→ **Task requirements**
Copy every entry exactly as it stands, though any image it holds should stay out of the copy.
=====
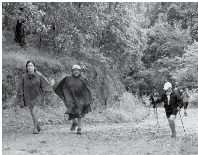
La pluja ens va acompanyar durant bona part del dia.

Per tal que la festa continuï i per fer partícip a tothom el pro-
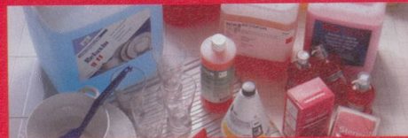
Reinigung und Pflege
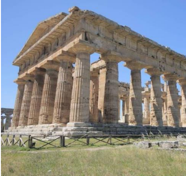
Рис. 2 Доричний ордер

Будівлею або спорудою можна викликати у людини відчуття тяжкості, масивності або, навпаки, легкості. Розглянемо на прикладі архітектурних ордерів античної Греції (Рис.2, Рис.3).
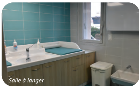
Salle à langer

Nouveaux locaux de la halte garderie Petit Prince
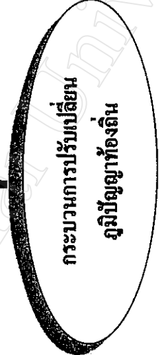
แผนภูมิที่ 1 กรอบแนวคิดการศึกษาของพัฒนาการภูมิปัญญาของชุมชนในการจัดการที่ดินเพื่อการเกษตร

ประเภท - การทำไร่หมุนเวียน - นามธรรม ( นวัตกรรมใหม่) - รูปธรรม ( การอนุรักษ์ดิน น้ำ ป่า) เป้าหมาย - การพึ่งพาตนเองและการมีส่วนร่วม ในการพัฒนาคุณภาพชีวิต และสิ่งแวดล้อม
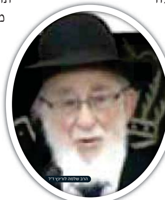
הרב שלמה לוריניץ ז"ל

לאחר זמן מה ערכתי חישוב, והגעתי למסקנה, כי בצורה כזאת לעולם לא יעלה העסק על דרך המלך, המאפיה תמשיך לצבור הפסדים, ובעליה יסתבכו יותר ויותר בסבך החובות. מתוך הנחה זו, הודעתי לבעלי המאפיה שעם כל הרצון הטוב, איני רואה כל אפשרות להמשיך ולגלגל את ההלוואות.
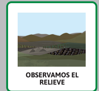
OBSERVAMOS EL RELIEVE
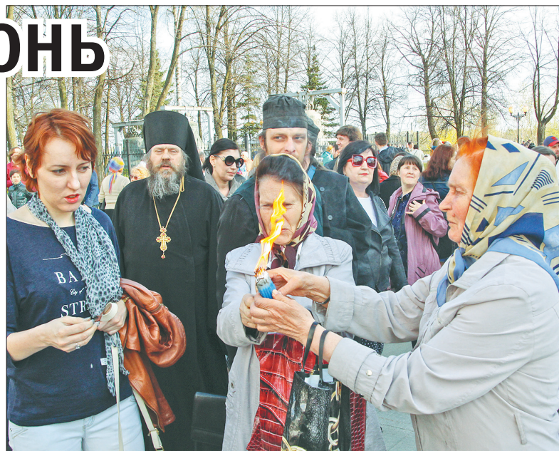
Люди делились друг с другом благодатным огнем.

падки, делились с другими верующими. Кто-то – сначала робко, а потом все смелее – проводил по пламени рукой.
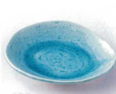
タ213-24 トルコ銘々皿 15.5×13×2.5cm 430円
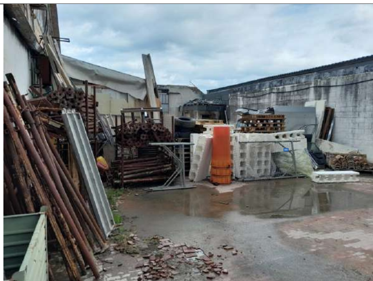
Foto 4.11. – Area esterna sul retro prossima agli edifici D, C, E, B. Al centro l'edificio E, parte demolita con antistante la tettoia C, anch'essa non più esistente. A destra l'edificio I visto dall'esterno.
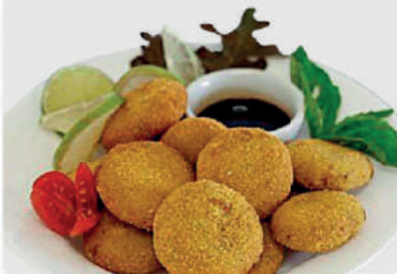
cód: 1929 DIŞQUINHO DE FILE DE TILÁPIA 350g
=====
→ **Solution**
La pluja ens va acompanyar durant bona part del dia.

Per tal que la festa continuï i per fer partícip a tothom el pro-
Reinigung und Pflege
Рис. 2 Доричний ордер

Будівлею або спорудою можна викликати у людини відчуття тяжкості, масивності або, навпаки, легкості. Розглянемо на прикладі архітектурних ордерів античної Греції (Рис.2, Рис.3).
Salle à langer

Nouveaux locaux de la halte garderie Petit Prince
แผนภูมิที่ 1 กรอบแนวคิดการศึกษาของพัฒนาการภูมิปัญญาของชุมชนในการจัดการที่ดินเพื่อการเกษตร

ประเภท - การทำไร่หมุนเวียน - นามธรรม ( นวัตกรรมใหม่) - รูปธรรม ( การอนุรักษ์ดิน น้ำ ป่า) เป้าหมาย - การพึ่งพาตนเองและการมีส่วนร่วม ในการพัฒนาคุณภาพชีวิต และสิ่งแวดล้อม
הרב שלמה לוריניץ ז"ל

לאחר זמן מה ערכתי חישוב, והגעתי למסקנה, כי בצורה כזאת לעולם לא יעלה העסק על דרך המלך, המאפיה תמשיך לצבור הפסדים, ובעליה יסתבכו יותר ויותר בסבך החובות. מתוך הנחה זו, הודעתי לבעלי המאפיה שעם כל הרצון הטוב, איני רואה כל אפשרות להמשיך ולגלגל את ההלוואות.
OBSERVAMOS EL RELIEVE
Люди делились друг с другом благодатным огнем.

падки, делились с другими верующими. Кто-то – сначала робко, а потом все смелее – проводил по пламени рукой.
タ213-24 トルコ銘々皿 15.5×13×2.5cm 430円
Foto 4.11. – Area esterna sul retro prossima agli edifici D, C, E, B. Al centro l'edificio E, parte demolita con antistante la tettoia C, anch'essa non più esistente. A destra l'edificio I visto dall'esterno.
cód: 1929 DIŞQUINHO DE FILE DE TILÁPIA 350g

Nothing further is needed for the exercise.